Prosegue e si fa sempre più serrata la battaglia contro la pirateria. Nel decreto Omnibus – da pochi giorni convertito in legge – è contenuta infatti un’ulteriore stretta contro il “pezzotto” (anche se le virgolette risultano superflue, visto che da pochi giorni la parola è entrata nel vocabolario Treccani). Andiamo a vedere di cosa si tratta.
Due emendamenti al decreto legge Omnibus – a firma dei senatori Zedda (Fdi), Liris (Fdi) e Damiani (Fi) – inaspriscono le misure soprattutto per i fornitori di servizi internet. Nel primo c’è un rafforzamento di Privacy Shield, la piattaforma in funzione dalla scorso febbraio su cui chi detiene i diritti di un contenuto può chiedere agli internet service provider di bloccarne la trasmissione illegale.
Da ora in poi l’obbligo di iscriversi alla piattaforma, e dunque di contribuire agli stop dei siti pirata, vale anche per i fornitori di Vpn e Open Dns, anche se non si trovano in Italia. Queste ultimi, recita la nuova norma, “devono comunicare, senza ritardo, all’Agcom il proprio rappresentante legale in Italia”.

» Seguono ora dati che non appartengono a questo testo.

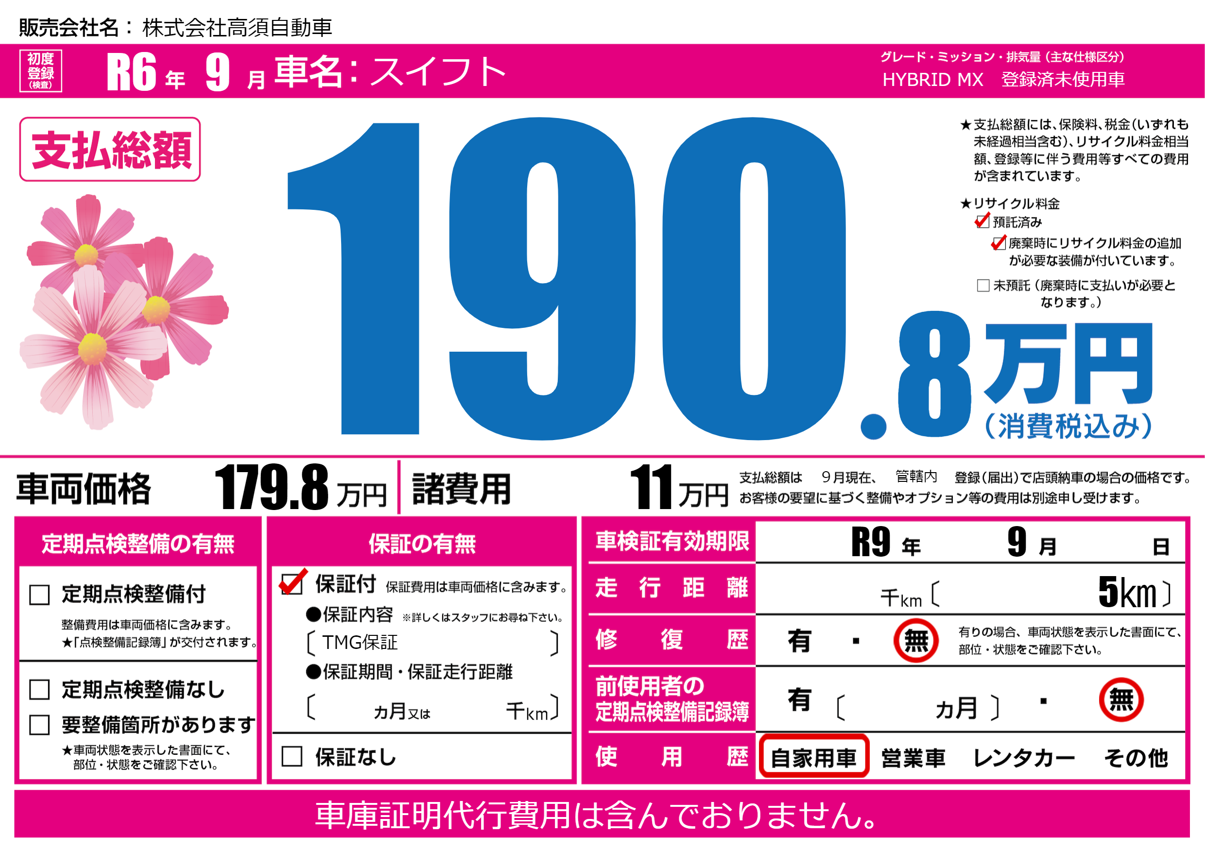 | 車検制限 | R9年 9月 - 日 | ||
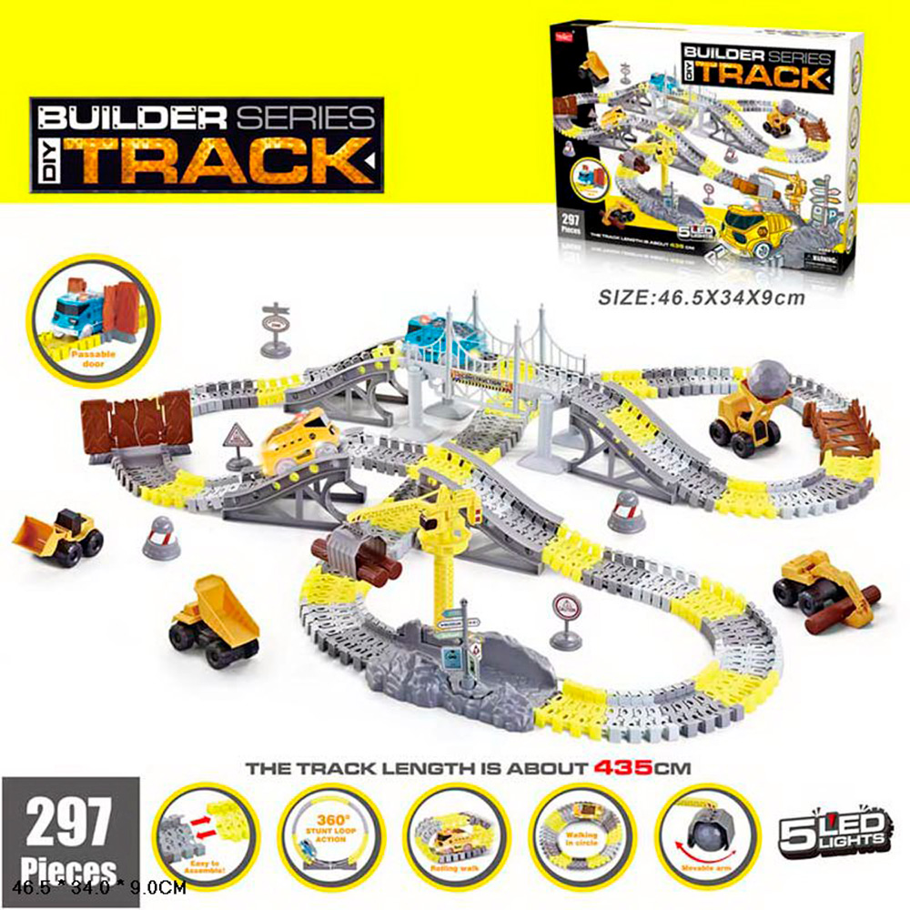 Трек собирается из деталей, которые позволяют собирать разные конфигурации дороги, даже петли.
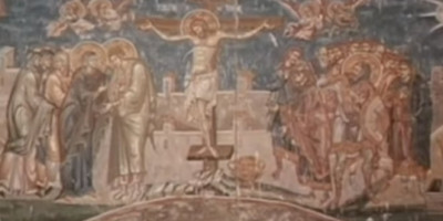 Naime, tu se nalazi čuvena freska Isusovog raspeća sa dva “neidentikikovana objekta” u levom i desnom uglu. Reč je o dva neobična predmeta u obliku suza sa zracima u kojima se nalaze osobe. Zraci stvaraju utisak kretanja, pa oni koji veruju u NLO tvrde da je reč o vanzemaljskim letelicama.

Dentro Privacy Shield, se un detentore di diritti ravvisa una violazione del suo copyright su un contenuto può intimare tramite un alert al fornitore di disattivare entro 30 minuti l’indirizzo Ip incriminato.
Il secondo invece si rivolge a internet provider, motori di ricerca, fornitori di reti di distribuzione di contenuti servizi Vpn e Dns e molti altri soggetti. Nel momento in cui questi vengono al conoscenza di condotte illegali hanno l’obbligo di "segnalare immediatamente" alle autorità "tali circostanze, fornendo tutte le informazioni disponibili". E l’omissione della segnalazione" e "della comunicazione" è punita "con la reclusione fino a un anno" per i rappresentanti legali delle aziende.
Severe anche le sanzioni nei confronti degli utenti, introdotte da una legge dello scorso anno e che un protocollo firmato qualche settimana fa da Agcom – con Guardia di Finanza e procura della Repubblica di Roma – dovrebbe rendere di più semplice attuazione. Questo nuovo regolamento prevede infatti la possibilità di verificare le identità di chi usufruisce di un servizio streaming illegale, così da rendere più semplice comminare a suo carico una multa che va dai 150 ai 5mila euro. Per gli utenti, in ogni caso, non è prevista la reclusione in carcere.
La novità legislative hanno suscitato le perplessità di molti fornitori di servizi. Diego Ciulli, responsabile degli affari governativi e politiche pubbliche di Google, in un post Linkedin ha criticato la scelta, sottolineando come si tratti di una norma che rischia di ingolfare il sistema giustizia, rendendo inefficaci i controlli. «Sapete quante sono al momento le violazioni del diritto d’autore di cui Google è a conoscenza? 9.756.931.770.
Sulla stessa posizione anche l’Aiip, l’Associazione italiana internet provider: «La conseguenza indiretta di questo provvedimento – spiega il presidente Giovanni Zorzoni – sarà quella di gravare gli operatori di accesso ad Internet della sorveglianza attiva del traffico, rischiando di violare sia le normative nazionali, sia quelle europee, e mettendo a rischio il principio di ‘mere conduit’ su cui si fonda la nostra attività».
Il pezzotto è un decoder che – tramite una tecnologia denominata “Iptv” – è in grado di intercettare il segnale delle piattaforme pay-tv e riproporlo a chiunque sia in possesso di una rete internet. Chi gestisce questo sistema illegale mette a disposizione il tutto a prezzi molto ribassati rispetto al costo degli abbonamenti di piattaforme come Sky e Dazn per lo sport, o Netflix per i contenuti di intrattenimento.